I'm guessing from your earlier questions that you just want to add a second x-axis? If so, this is a completely different thing.
If you want the y-axes linked, then do something like this (somewhat verbose...):
import matplotlib.pyplot as plt
fig, ax = plt.subplots()
newax = ax.twiny()
# Make some room at the bottom
fig.subplots_adjust(bottom=0.20)
# I'm guessing you want them both on the bottom...
newax.set_frame_on(True)
newax.patch.set_visible(False)
newax.xaxis.set_ticks_position('bottom')
newax.xaxis.set_label_position('bottom')
newax.spines['bottom'].set_position(('outward', 40))
ax.plot(range(10), 'r-')
newax.plot(range(21), 'g-')
ax.set_xlabel('Red Thing')
newax.set_xlabel('Green Thing')
plt.show()
If you want to have a hidden, unlinked y-axis, and an entirely new x-axis, then you'd do something like this:
import matplotlib.pyplot as plt
import numpy as np
fig, ax = plt.subplots()
fig.subplots_adjust(bottom=0.2)
newax = fig.add_axes(ax.get_position())
newax.patch.set_visible(False)
newax.yaxis.set_visible(False)
for spinename, spine in newax.spines.iteritems():
if spinename != 'bottom':
spine.set_visible(False)
newax.spines['bottom'].set_position(('outward', 25))
ax.plot(range(10), 'r-')
x = np.linspace(0, 6*np.pi)
newax.plot(x, 0.001 * np.cos(x), 'g-')
plt.show()
Note that the y-axis values for anything plotted on newax are never shown.
If you wanted, you could even take this one step further, and have independent x and y axes (I'm not quite sure what the point of it would be, but it looks neat...):
import matplotlib.pyplot as plt
import numpy as np
fig, ax = plt.subplots()
fig.subplots_adjust(bottom=0.2, right=0.85)
newax = fig.add_axes(ax.get_position())
newax.patch.set_visible(False)
newax.yaxis.set_label_position('right')
newax.yaxis.set_ticks_position('right')
newax.spines['bottom'].set_position(('outward', 35))
ax.plot(range(10), 'r-')
ax.set_xlabel('Red X-axis', color='red')
ax.set_ylabel('Red Y-axis', color='red')
x = np.linspace(0, 6*np.pi)
newax.plot(x, 0.001 * np.cos(x), 'g-')
newax.set_xlabel('Green X-axis', color='green')
newax.set_ylabel('Green Y-axis', color='green')
plt.show()
You can also just add an extra spine at the bottom of the plot.

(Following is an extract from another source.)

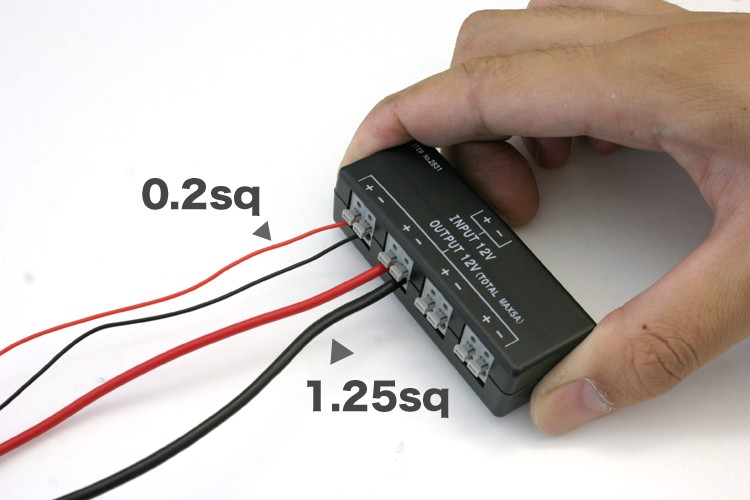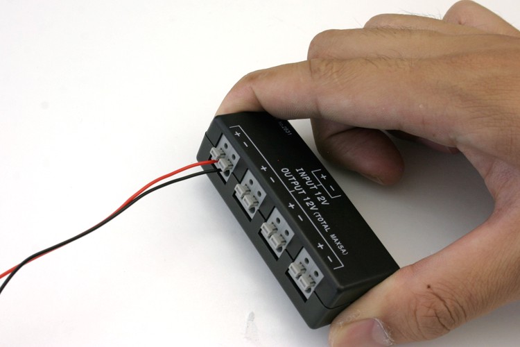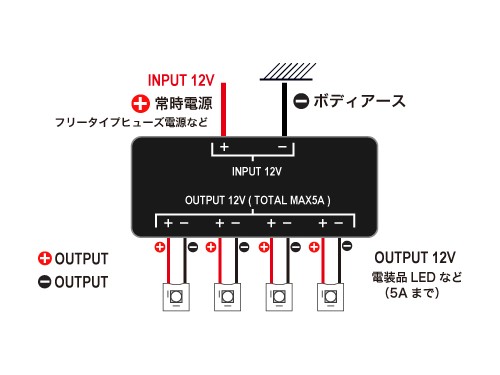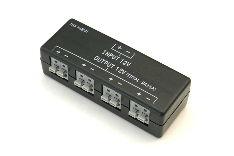 使用可能電流 5A(5000mA)以下でLED等の電源を4分岐できます。
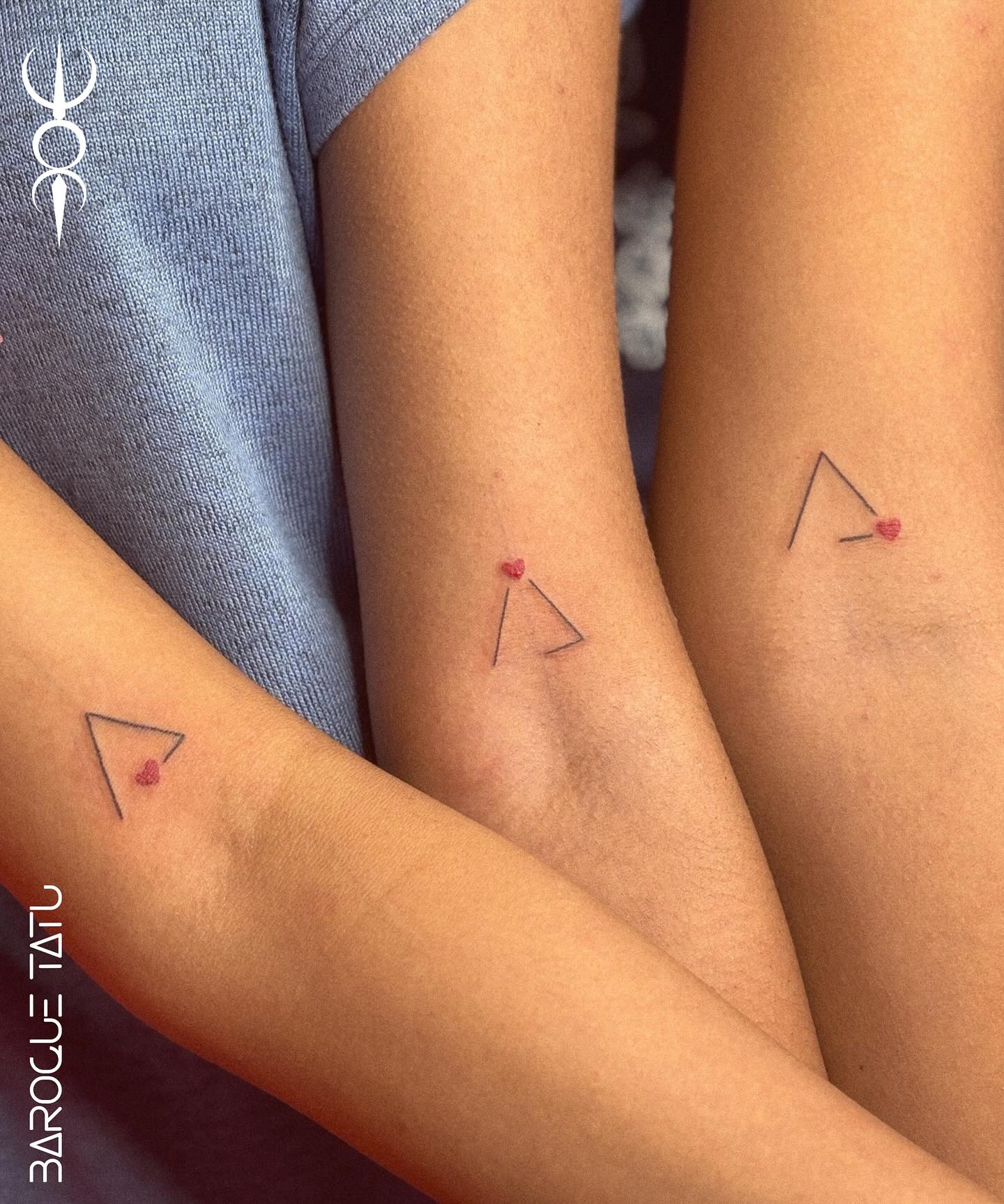 Every tattoo includes the same shapes, but the level of shading changes to show birth order, with the darkest triangle marking the sibling’s position. Small dotted accents add a soft touch without crowding the design. The clean lines and geometric structure keep everything modern and balanced.

Sometimes this is easier, especially if you don't want ticks or numerical things along it. Not to plug one of my own answers too much, but there's an example of that here: How do I plot multiple X or Y axes in matplotlib?
As one last thing, be sure to look at the parasite axes examples if you want to have the different x and y axes linked through a specific transformation.